Dieharder differs significantly from diehard in many ways. For example, diehard uses file based sources of random numbers exclusively and by default works with only roughly ten million random numbers in such a file. However, modern random number generators in a typical simulation application can easily need to generate 10^18 or more random numbers, generated from hundreds, thousands, millions of different seeds in independent (parallelized) simulation threads, as the application runs over a period of months to years. Those applications can easily be sensitive to rng weaknesses that might not be revealed by sequences as short as 10^7 uints in length even with excellent and sensitive tests. One of dieharder's primary design goals was to permit tests to be run on very long sequences.
To facilitate this, dieharder prefers to test generators that have been wrapped up in a GSL-compatible interface so that they can return an unbounded stream of random numbers -- as many as any single test or the entire suite of tests might require. Numerous examples are provided of how one can wrap one's own random number generator so that it is can be called via the GSL interface.

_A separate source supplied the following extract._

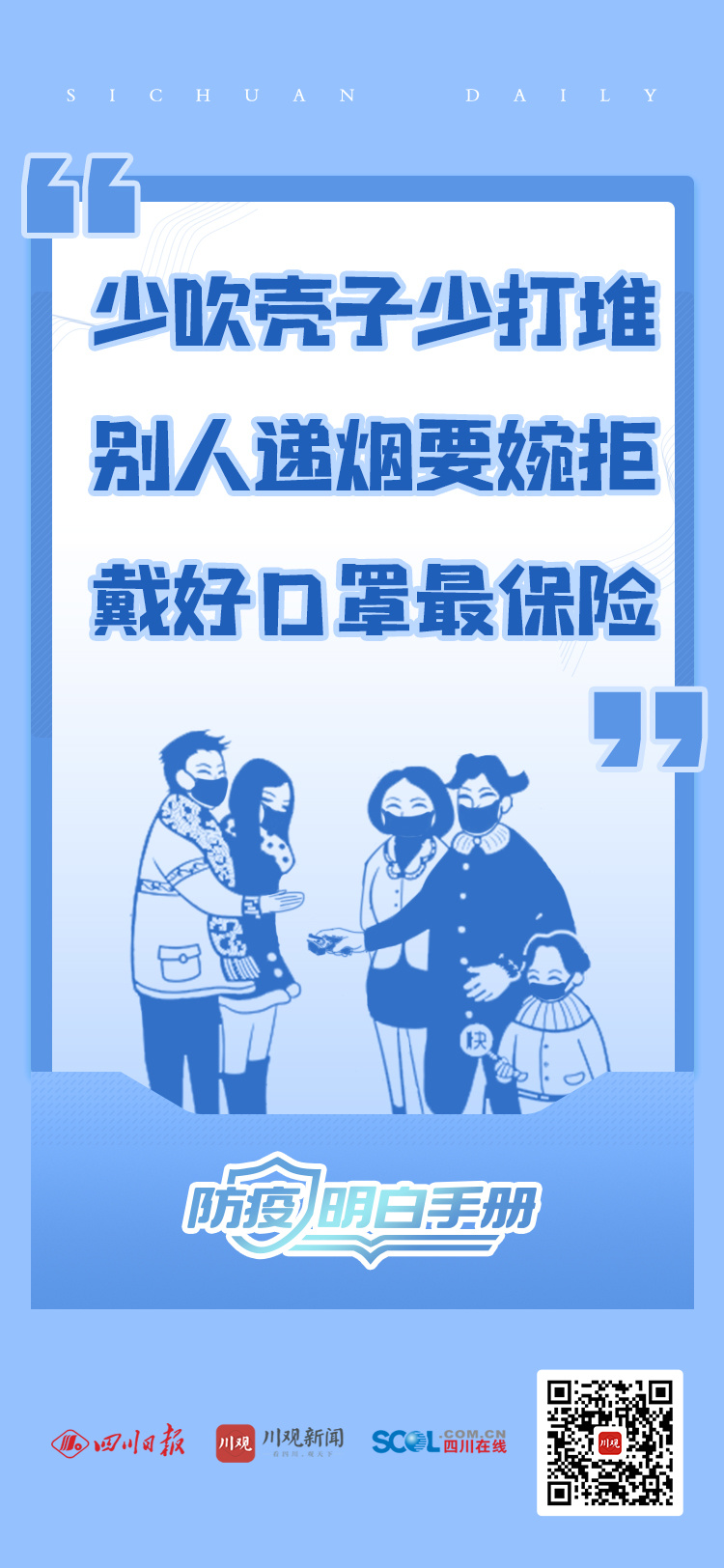 元旦假期已至,春节临近,返乡人员急剧增多,多重因素叠加,疫情防控形势十分严峻。农村如何平稳度过“双节”防疫大考?川观新闻“防疫明白手册”特别推出一组方言海报,为你厘清农村防疫注意事项。请转发收藏!

Dieharder also supports file-based input three distinct ways. The simplest is to use the (raw binary) stdin interface to pipe a bit stream from any rng, hardware or software, through dieharder for testing. In addition, one can use "direct" file input of either raw binary or ascii formatted (usually uint) random numbers. The man page contains examples of how to do all three of these things, and dieharder itself can generate sample files to use as templates for the appropriate formatting.
Note Well! Dieharder can consume a lot of random numbers in the course of running all the tests! To facilitate this, dieharder should (as of 2.27.11 and beyond) support large file (> 2GB) input, although this is still experimental. Large files are clunky and relatively slow, and the LFS (large file system) in linux/gcc is still relatively new and may have portability issues if dieharder is built with a non-gcc compiler. It is therefore strongly recommended that both hardware and software generators be tested by being wrapped within the GSL interface by emulating the source code examples or that the pipe/stdin interface be used so that they can return an essentially unbounded rng stream.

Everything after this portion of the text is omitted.